Ask hydro test date on the tank. New is $65 shipped. On the regulator, depending on the brand, if single or dual stage, probably around $50 up. Looks like it has a solenoid based on the pic.


----------



## fishyjoe24 (May 18, 2010)

looks like my bottle buy with a different regulator..... ask when the last hydro test was done on the bottle and if it's a 5 7.5 or 10 pound bottle. the gauges look to be more of a nitrogen/oxygen, or beer keg gauge... 

try to get the person to send you some bigger clearer photos.... the price for just the bottle and it being filled is a good deal in my opinion...


----------



## jasonmemo (Jun 19, 2010)

i think i'll pass on this then.
what's a good regulator worth? 
and any recomendations?


----------



## TetraGuy72 (Dec 12, 2009)

To me it looks like someone put it together using this regulator:
http://www.beveragefactory.com/draf...premium_double_gauge_beer_co2_regulator.shtml
From what I have read the BF regulators are really good. It has a solenoid and what looks like a Clippard needle valve. I'd say it's a good deal even if the tank needs to be hydro tested ($15) I would buy it if I didn't already have most of my setup complete.


----------



## jasonmemo (Jun 19, 2010)

so this is a good deal?


----------



## fishyjoe24 (May 18, 2010)

Milwakee or one from rex. http://www.rexgrigg.com/index.html Wrabbit could even show you how to build one, I think jim built his own....

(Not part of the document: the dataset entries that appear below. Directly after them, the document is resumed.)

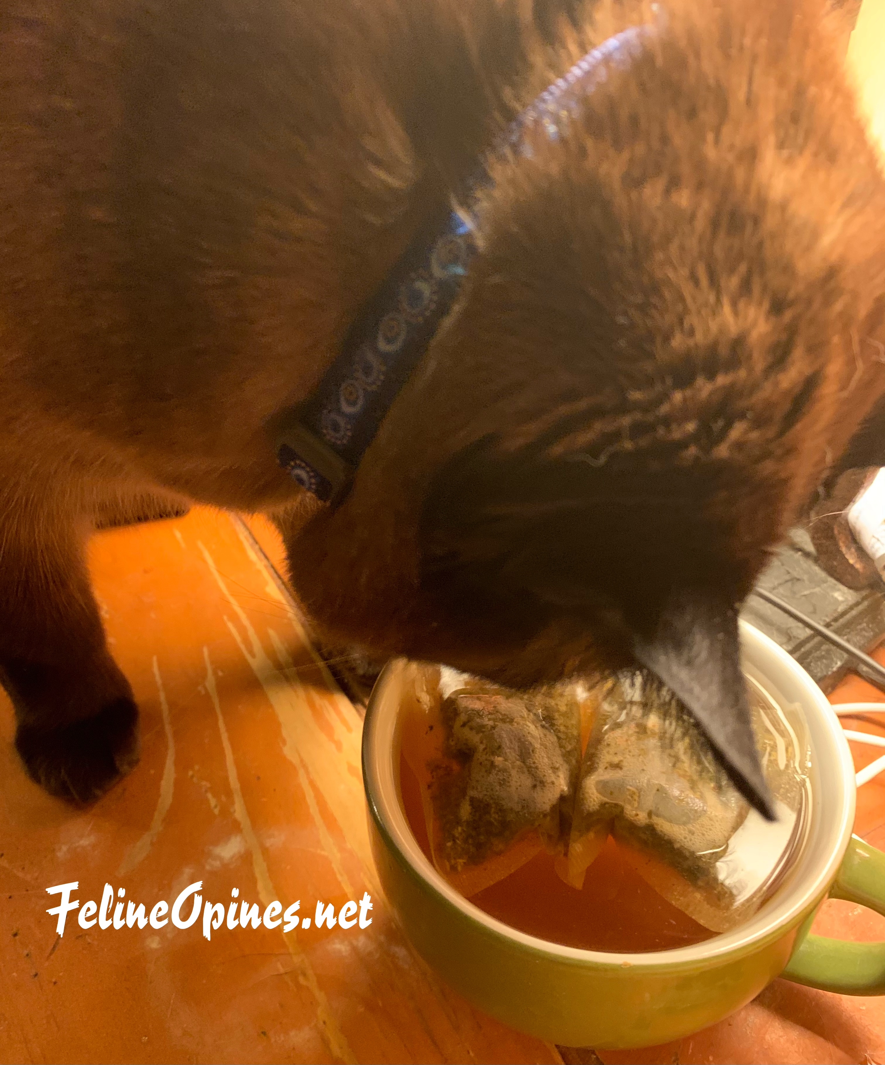 • The Human says she prefers the old Sleepy Time tea (I suppose me keeping her up at night getting into the garbage and dragging out the tea bags didn’t help her opinion of the tea😹😹😹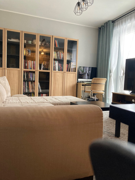 do wynajęcia od marca 2026 bardzo ładne mieszkanie w Pruszkowie. Powierzchnia 37 m2, dwa pokoje (salon z aneksem kuchennym i sypialnia), łazienka z dużą wanną, balkon. Mieszkanie w pełni wyposażone, wchodzisz i mieszkasz. W mieszkaniu jest zamontowana klimatyzacja. Na wyposażeniu: zmywarka, piekarnik, pralka, garnki, talerze, sztućce. Są także trzy pojemne szafy, jedna w sypialni i dwie na przedpokoju.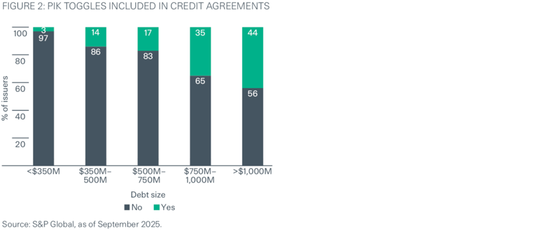 Importantly, these provisions are not applied uniformly across the market (Figure 2). PIK optionality remains primarily concentrated among larger, more established issuers and is generally not available to smaller or more highly leveraged borrowers. In those instances, lenders tend to maintain tighter structural protections and stronger cash-pay requirements. In many cases, borrowers seeking this level of flexibility have traditionally accessed the broadly syndicated loan or high-yield bond markets, where documentation standards are typically more permissive than in direct lending. As competition for larger transactions has increased, private managers have at times needed to align certain terms, such as covenants, with those available in public markets. In addition, they also offer targeted flexibility, for instance in the form of a PIK toggle, to remain competitive and justify the higher spreads asked by private lenders.

that is a good deal... also pays to look around, i got my 10pound bottle., regulator, and ph probe/mon. for $80.00 dollars.


----------



## TetraGuy72 (Dec 12, 2009)

jasonmemo said:


> so this is a good deal?


If everything works and is in good shape I would say it's a good deal. Brand new the regulator setup would cost about $120 ($60 for reg, $60 for the solenoid and nv). A full 5lb tank would run $80-$100, maybe a little less. If it were me, I'd offer him $85 and see what happens.


----------